Buch lesen: «Портулан (сборник)»
© Бояшов И. В., 2018
© ООО «Издательство ACT», 2018
Портулан
Своему отцу посвящаю
Какое мне дело
До всех до вас?
А вам до меня!
Песенка Бена из кинофильма «Последний дюйм»
I
Если вы не знаете, что такое портулан, постараюсь объяснить: это… Впрочем, не стоит забегать вперед. Поначалу расскажу о Слушателе. Конечно же, прежде всего хочется поведать вам о моем знакомом, и поведать весьма основательно: так вот, он не был красавчиком. Представьте себе лоб в настоящих лунных кратерах (следы от выдавленных прыщей), глазки, близко посаженные к переносице, которые принято называть поросячьими, и самые что ни на есть стандартные уши. Слушатель имел средней величины раковины с обыкновенными мочками, козелками и противокозелками. Правда, на задней стороне левого уха присутствовал дарвинов бугорок, но в остальном ничего особенного: его банальные aures нельзя было даже сравнивать с великолепными, просвечивающими на солнечном свете, словно кусочки нежнейшей ветчины, оттопыренными лопухами чистопородных англичан. Кстати, о породе: отец и мать этого странного человека были обыкновенными алкоголиками. Тем удивительнее оказались поистине сверхчеловеческие способности Слушателя к математике, подозреваю, не раз наводившие педагогов на мысль о сделке их ученика с дьяволом.

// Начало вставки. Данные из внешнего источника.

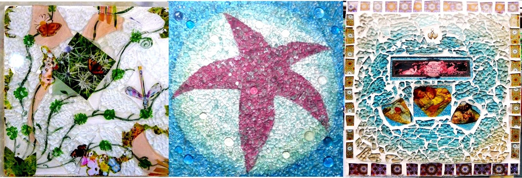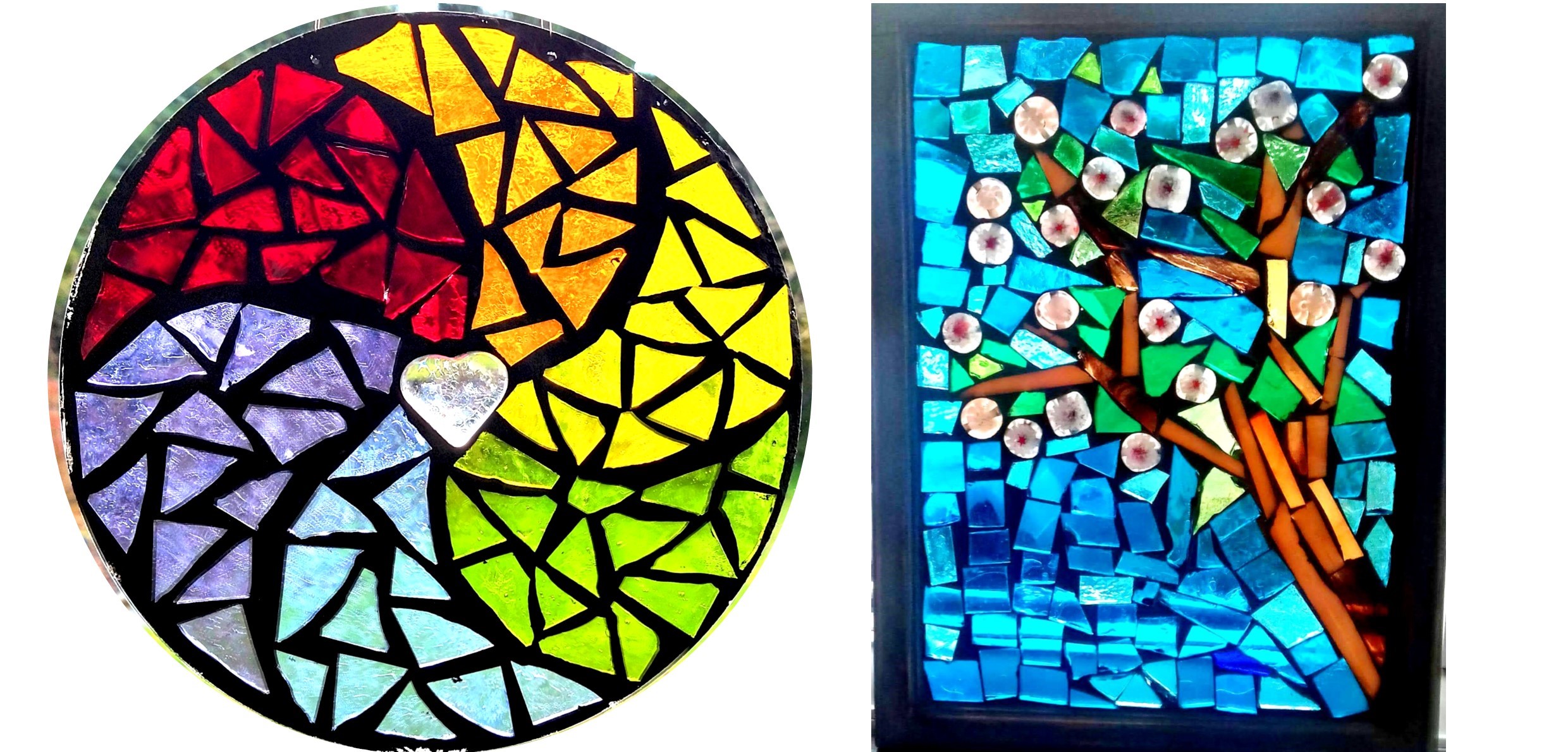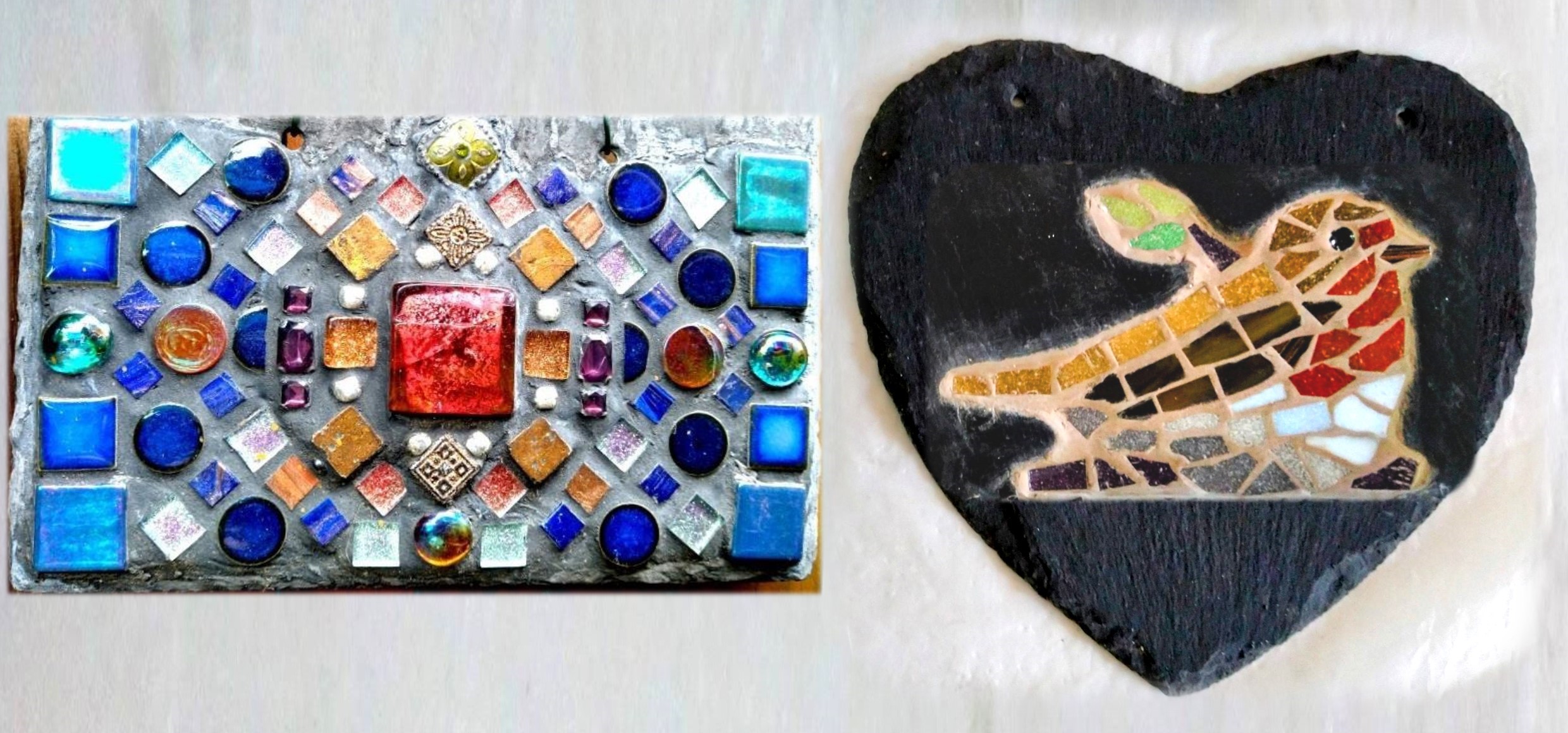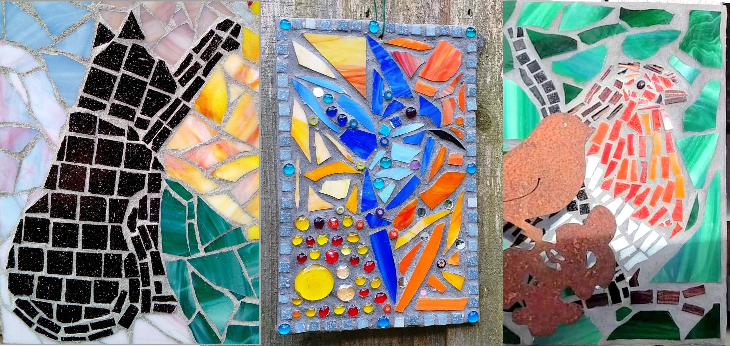 This is a new class for an eye-catching feature in mosaic sculpture! Create a welcome addition to your garden, wall or entrance with shiny elegance. You will gain skills in how to design mosaic patterns, and how to cut and adhere glass tiles, beads and shapes. You will learn flat sculpting techniques by moulding a shape of your own design from a 30x40cm cement base. There will be a half hour lunch and there's a nearby shop. By the end of the workshop you will take away your very own garden gem, and will be given grout to apply at home, once the adhesive has set. The day workshop includes all tools and materials. Your personalised masterpiece can be hung to a wall or fence, or add a garden stake for £1.50. You may wish to bring a bag to take your art home. This class is suitable for all abilities, but some elbow grease is needed for the sculpting. Age 16+ £40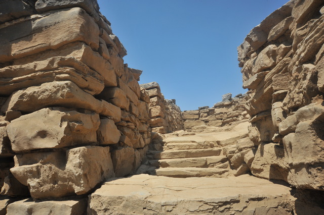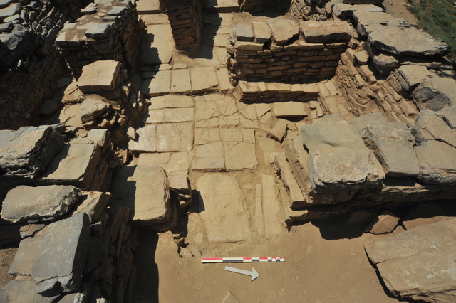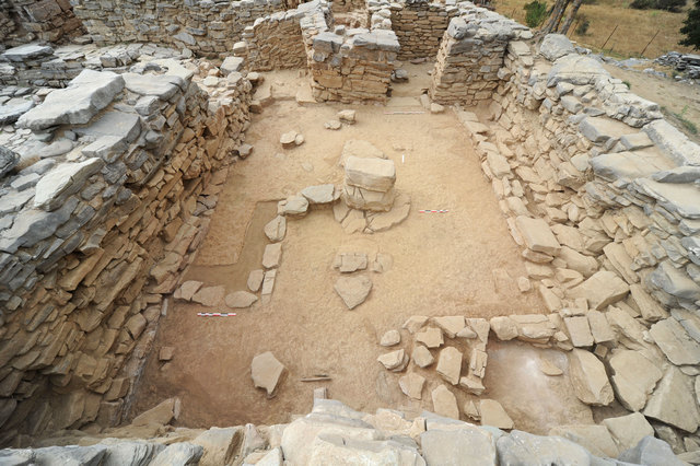 Μία ακόμη εσωτερική σκάλα αποκαλύφθηκε κατά την ανασκαφή (φωτ.4) ενώ οι τοίχοι, μερικοί από τους οποίους σώζονται σε ύψος έως και τριών μέτρων αποδεικνύουν, ότι το κτήριο ήταν πολυώροφο. Οι μεγάλες του αίθουσες στήριζαν τους επάνω ορόφους με κεντρικούς πεσσούς ή κίονες(Φωτ 5.). Τα δάπεδα, που ήρθαν και φέτος στο φως, άλλα από λαμπερό ασβεστόλιθο κι άλλα βοτσαλωτά υποδηλώνουν την πολυτέλεια που επικρατούσε στο εσωτερικό του, το ίδιο και τα τοιχογραφημένα κονιάματα που κοσμούσαν τα δωμάτια, δείγμα εκλέπτυνσης της εποχής και των κατοίκων του.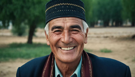 A joyful Tajik man 75 years old wearing traditional clothing stands outdoors with a broad smile against a natural backdrop on a sunny day. A resident of Tajikistan smiles. Generated by AI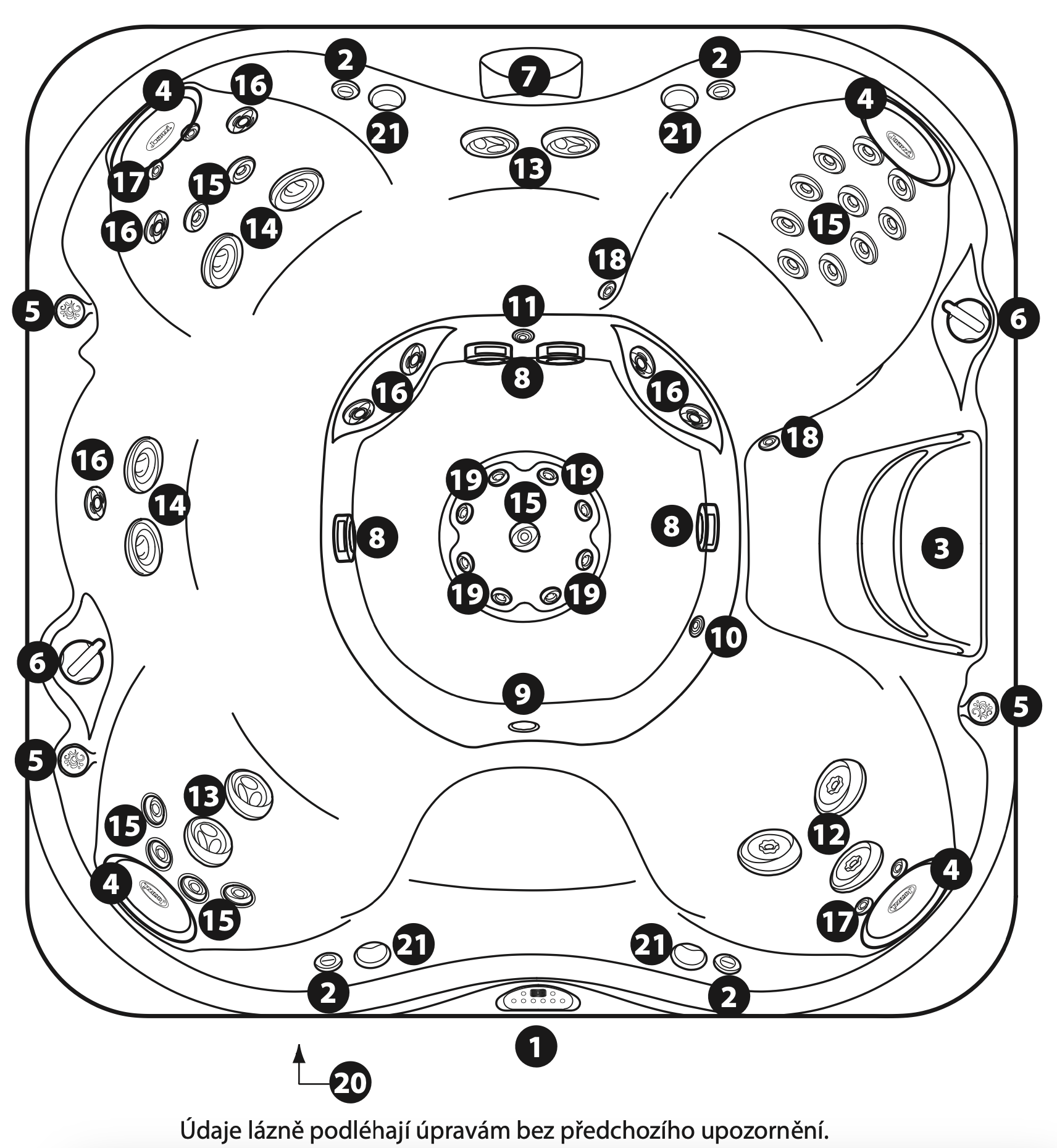 JACUZZI J-335 klasická vířivka 5-6 osob, 2140x2140x940mm

С 1976 по 1986 год мы сидели за одной партой в школе старинного городка, прозябающего на берегах дремотной, затянутой ряской реки. Из окон музыкального кабинета нашей альма-матер одним взглядом можно было охватить все его скверы, бараки и дымящие фабрики. Бедный, несчастный Вейск, заповедник казарм и рюмочных! Своим расплывшимся по улицам, словно лава, доисторическим асфальтом, рассыпающимися домами и заколоченным на радость чертям всех мастей собором, от одного вида которого непременно получил бы инфаркт любой реставратор, он вопиял о невозможности построения коммунизма в одной отдельно взятой стране – правда, местная власть имела на этот счет совершенно иное мнение.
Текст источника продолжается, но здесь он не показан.